Neptune: Yeah, upgrades. Those sound good.
Over upbeat 80s-style music, Sun and Neptune are seen exiting a Police Surplus store, Sun casually twirling a pair of gold handcuffs around his finger and Neptune spinning a gold baton in his hand. From inside the store, the Shopkeep waves cheerily at the departing customers with a handful of money.
Sun and Neptune then exit an Army Surplus store, clad in flak jackets and carrying riot shields, wearing multiple army helmets on each of their heads. The Shopkeep jubilantly waves at them, both hands full of banknotes.
Sun and Neptune then leave a motorcycle store named Easy Riders, wheeling out two newly-bought motorcycles, while the Shopkeep swims in a huge pile of money behind them.
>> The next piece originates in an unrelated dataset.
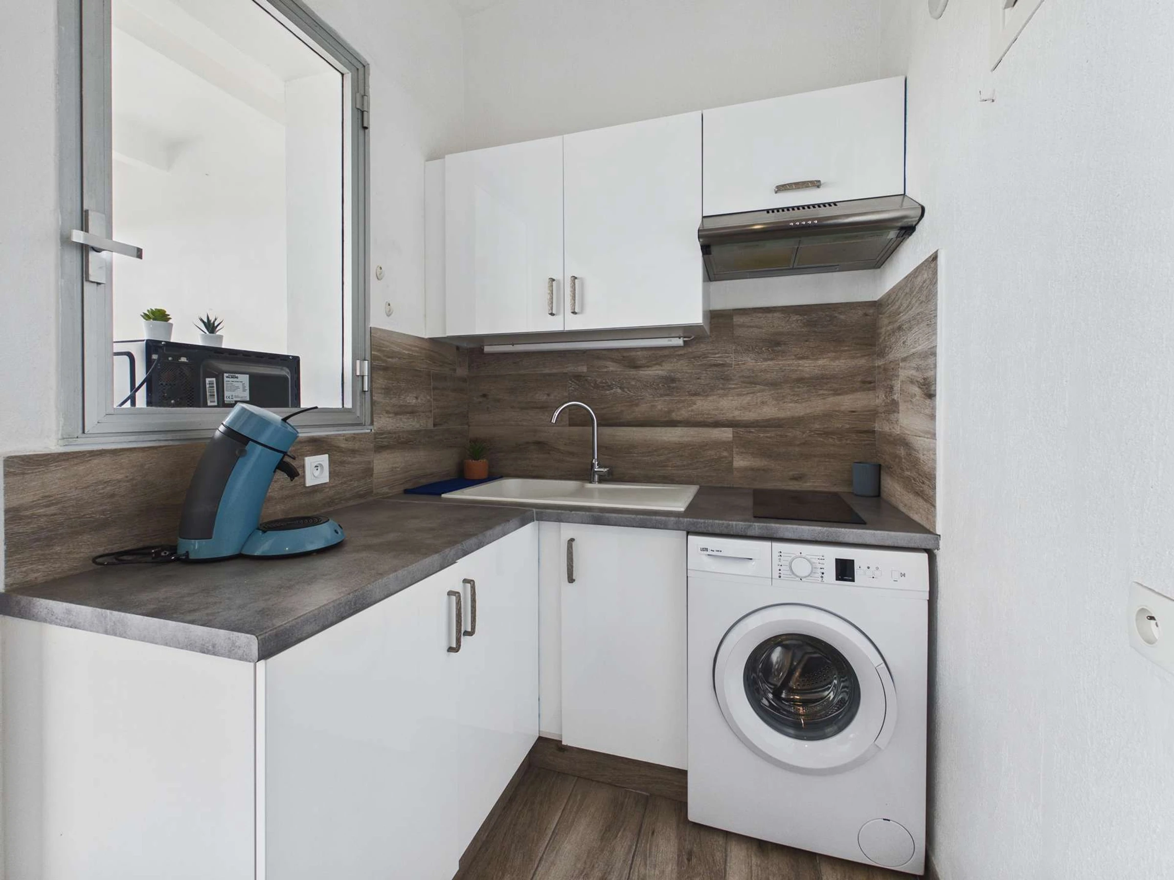 Cocina americana con placa eléctrica, microondas, nevera/congelador, mini horno y cafetera eléctrica.

Next to their bikes, Sun and Neptune stand outfitted with all of their newly-purchased equipment, ridiculously bogged down and struggling under the collective weight.
Sun: Alright, you ready?
Neptune: Let's kick some butt!
Neptune: Get back here!
Sun: Junior detectives, roll out!
Both of them struggle to give chase, but Sun manages to make no more than a couple steps and Neptune falls flat on his face.